Tendo conhecido geralmente apenas o melhor da vida, limita-se a gozá-la enquanto os outros se ocupam daquilo de que precisa.
Estas
são algumas (mas não todas) das condições resultantes do quadro
familiar que podem exercer uma influência determinante no estilo de vida
dos indivíduos.
Apesar
destas tendências gerais, a dinâmica de cada família e de cada situação
é única. Cada criança vai escolher individualmente os seus objetivo e
interpretar de acordo com a sua lógica privada a sua posição na
constelação familiar.
CONCLUSÃO
Alfred
Adler teve, indubitavelmente, uma enorme influência na psicologia
contemporânea. Conceitos que desenvolveu foram integrados por diversas
correntes e aspectos da vida psicológica até aí não considerados
revelaram-se, com a sua intervenção, determinantes para a compreensão
dos indivíduos.
Apesar
de tantas vezes confundido com um discípulo rebelde de Freud, Adler é
actualmente reconhecido pelo seu próprio mérito e contribuições. Embora
sejam apontadas algumas falhas à sua teoria, a Psicologia Individual foi
(e continua a ser) uma valiosa técnica de intervenção psicoterapêutica,
com resultados comprovados e inovações revolucionárias.
Foi
com bastante satisfação que (re)descobri Alfred Adler e a sua
Psicologia Individual. Longe de ser um fundamentalista dos pressupostos
psicanalíticos, Adler integra na sua teoria noções de diversas
proveniências que a enriquecem e fortalecem. O seu ênfase na importância
dos factores sociais para o desenvolvimento e da interpretação
subjectiva que cada indivíduo faz do seu mundo e das suas experiências
dotam esta teoria de armas para combater todo e qualquer ataque que a
ela se dirija.
Termino com uma frase de Alfred Adler que captou a minha atenção e que considero de grande interesse:
Those who have lost the belief in themselves always believe in something else...-- Adler (1926), Fundamentals of Individual Psychology
OBRAS CONSULTADAS:
Adler, A. (1924); Practica y Teoria de la Psicologia del Individuo; Editorial Paidos; Buenos Aires: 1953.
Adler,
A. (1926); Fundamentals of Individual Psychology, in Journal of
Individual Psychology, 26(1); Burlington, Maio de 1970; pp.36-49.
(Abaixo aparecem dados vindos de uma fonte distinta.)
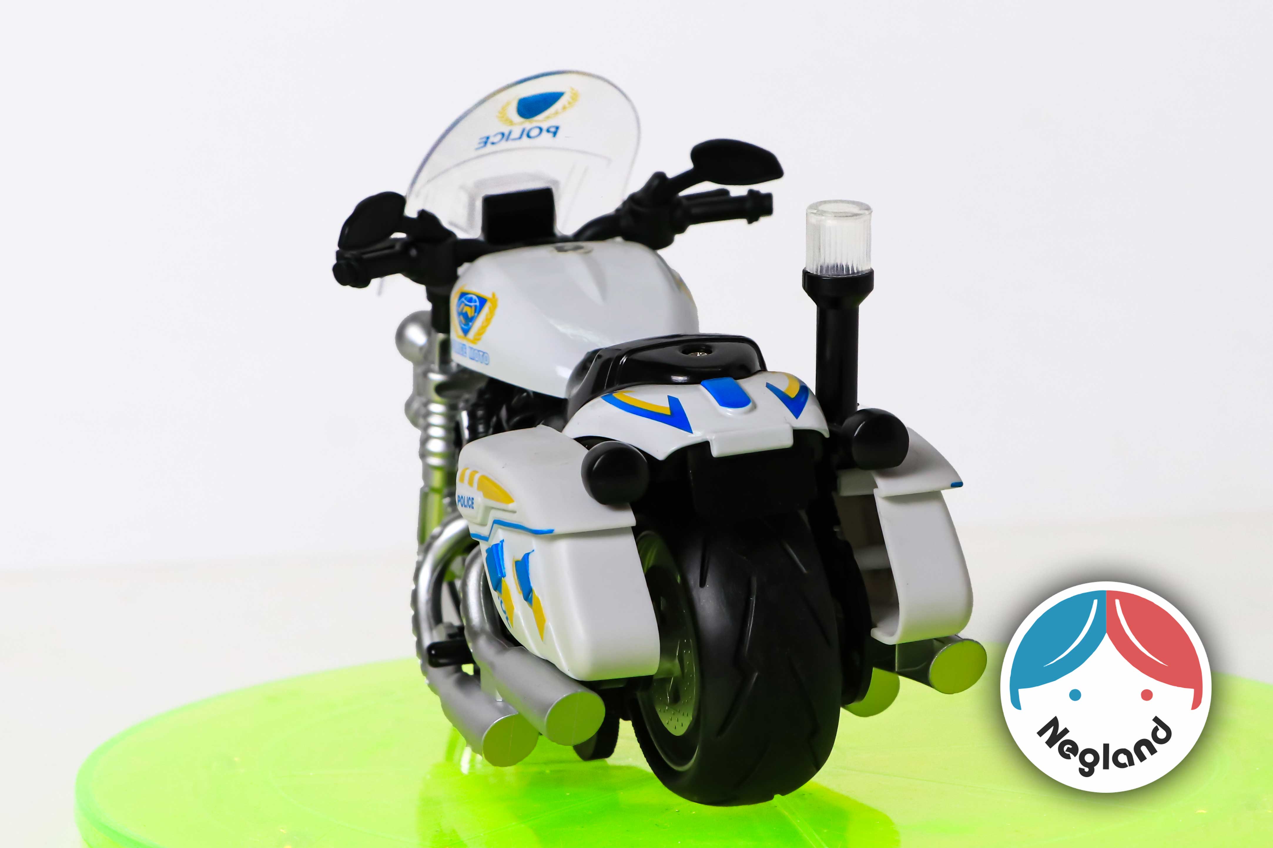 موتور عقب کش پلیس که با دکمه زیر موتور می توان چراغ های موتور و آجیر گردان عقبش رو روشن کرد و با دکمه دوم می توان روی حالت نمیه فعال قرار داد و با کشیدن به روی عقب هم شروع به موزیک پخش کردن می کنه و هم چراغ هایش شروع به کار می کند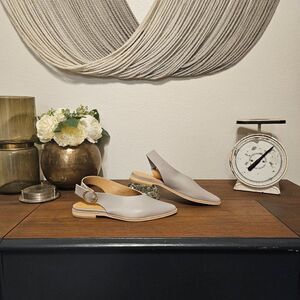 All Black Gray Pointed Sling Back Loafers Sz 37.5 (US 7). Excellent, like new condition, buttery soft to the touch.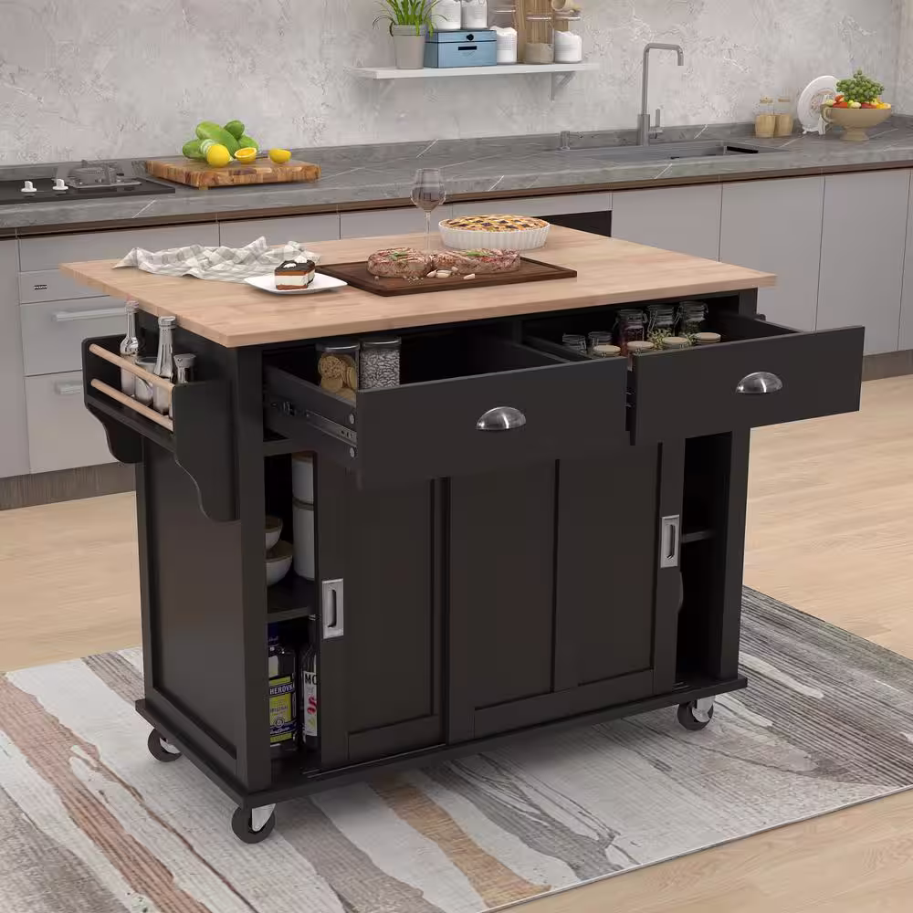 None Black Rubber Wood Flodable Drop-Leaf Countertop 52.2 in. W Kitchen Island with Concealed Sliding Barn Door, Drawers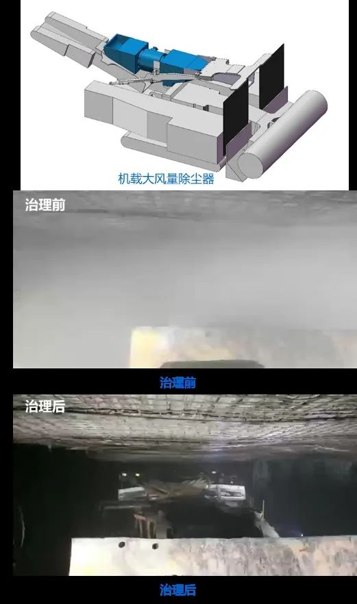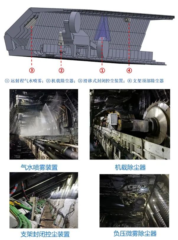 煤矿大采高综采和掘锚工作面粉尘分源治理及智能管控技术:在大采高综采面,综合利用滚筒三维包络高效喷雾、采煤机含尘气流控制、支架防尘装置以及负压微雾除尘装置,实现滚筒割煤、降柱移架两大尘源的有效治理;在快掘面,综合利用滚筒立体喷雾、柔性附壁风筒以及大风量机载除尘系统,实现迎头含尘气流的有效控制和高效抽吸净化;在主运巷道,综合利用沿程煤体润湿、皮带清洁、断面喷雾、除雾捕尘门等技术,实现粉尘有效治理,保证视线清晰;最后,基于全矿井粉尘监控系统及其控制策略,实现防尘信息的实时监测及系统的智能调控。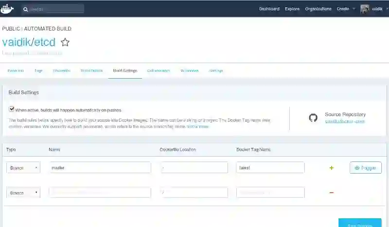 Automated Builds 的工作原理是我们必须在 Docker Hub 上配置它以指定 Docker 上下文的路径(即 Dockerfile 的路径),从该 Dockerfile 构建镜像并打上自己的标记。这意味着从仓库构建的每个镜像,必须在唯一路径上存在 Dockerfile。这很快就会成为一个问题。
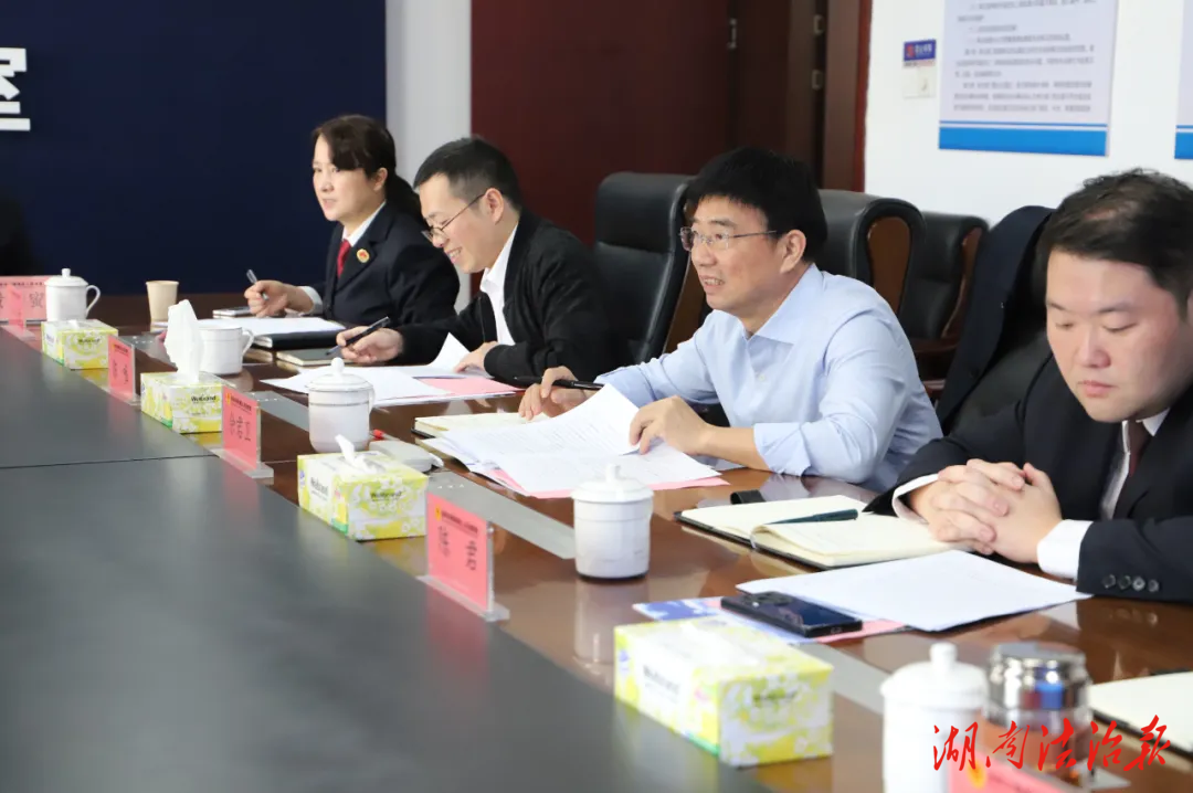 湖南法治報(bào)訊(通訊員 周銘)為進(jìn)一步增強(qiáng)跨區(qū)域檢察溝通協(xié)作,拓寬思路,共享經(jīng)驗(yàn),共促刑事執(zhí)行檢察工作高質(zhì)量發(fā)展,10月14日,遼寧省錦州市城郊地區(qū)人民檢察院黨組書記、檢察長葉向東一行6人,蒞臨岳陽市荊劍地區(qū)人民檢察院開展刑事執(zhí)行檢察業(yè)務(wù)交流學(xué)習(xí)。作為今年3月岳陽市荊劍地區(qū)人民檢察院赴錦州市城郊地區(qū)人民檢察院學(xué)習(xí)后的“雙向交流”,此次活動(dòng)以“實(shí)地觀摩 + 座談研討”形式,讓兩院再度攜手,共探刑事執(zhí)行檢察提質(zhì)路徑。

Adler, A. (1927); A Ciência da Natureza Humana; Companhia Editora Nacional; São Paulo: 1961.
Adler, A.(1930); La Educación de los Niños; Editorial Losada S.A.; Buenos Aires:1963.
Dryden, W.; Handbook of Individual Therapy; Sage Publications; London: 1996.
Fadiman, J. & Frager, R. ; Personality and Personal Growth; Harper Collifs College Publishers; New York: 1994.
Hall, C.S. & Lindzey, G.; Theories of Personality: Primary Sources and Research; John Wiley & Sons, Inc.; USA: 1965.
Hjeller, L. & Ziegler, D.; Personality Theories; McGraw-Hill Book Company; USA: 1981.